Праздник праздновался еженедельно, порой и несколько раз на неделе, и устраивался он в честь Вакха-Диониса, пожалуй самого любимого бога греческого народа. Любил Диониса и Метасис, а точнее любил не столько бога, сколько праздники в честь него. И вот, войдя в праздничную рощу, на Метасиса подул бриз винного моря, текущего где-то в глубине рощи рекой. От одного запаха уже можно было опьянеть, но не Метасису. Он давно стал ветераном винных баталий. Метасис, проходя вглубь праздничной рощи, все четче слышал и ощущал на себе звучание экстра энергичной музыки, гула людских голосов и громких завываний.  Он продолжал идти, вовсе не пугаясь того, что слышит. Шум и гам нарастал и нарастал до тех пор, пока Метасис не вошел в центр рощи, где и происходило действие праздника Вакха.

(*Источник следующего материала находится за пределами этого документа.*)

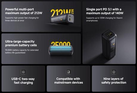 Ten Power Bank z baterią o pojemności 25 000 mAh jest wyposażony w trzy porty: dwa USB-C i jeden USB-A. Obsługuje maksymalną moc ładowania 212 W, co czyni go jednym z najszybszych rozwiązań do ładowania na rynku. Dzięki mocy wejściowej 120 W może w pełni naładować się w zaledwie 90 minut, minimalizując czas bez użycia.

Руки множества музыкантов энергично били в бубны, и хор ртов завывал, словно зверь, песнь Дионису. Многие из присутствующих, уже напившись вина, и приведенные в экстаз из-за музыки, танцевали как безумные, дрыгая и извиваясь всем телом, с пустыми отупевшими от опьянения глазами, и с текущим по жилам вином. Одни мужчины и женщины на вакханалиях не стеснялись своей наготы, и даже голыми танцевали, тряся гениталиями и грудями. Другие разжигались сексом прилюдно, никого не стесняясь, а порой даже пары сливались с другими парами, создавались целые группы, начиналась оргия, чьи стоны бились в воздухе, и все это на природе. Этим занимались все, кто был на вакханалии, молодые и старые, зрелые и юные, богатые и нищие. Вакханалия была великим уравнителем.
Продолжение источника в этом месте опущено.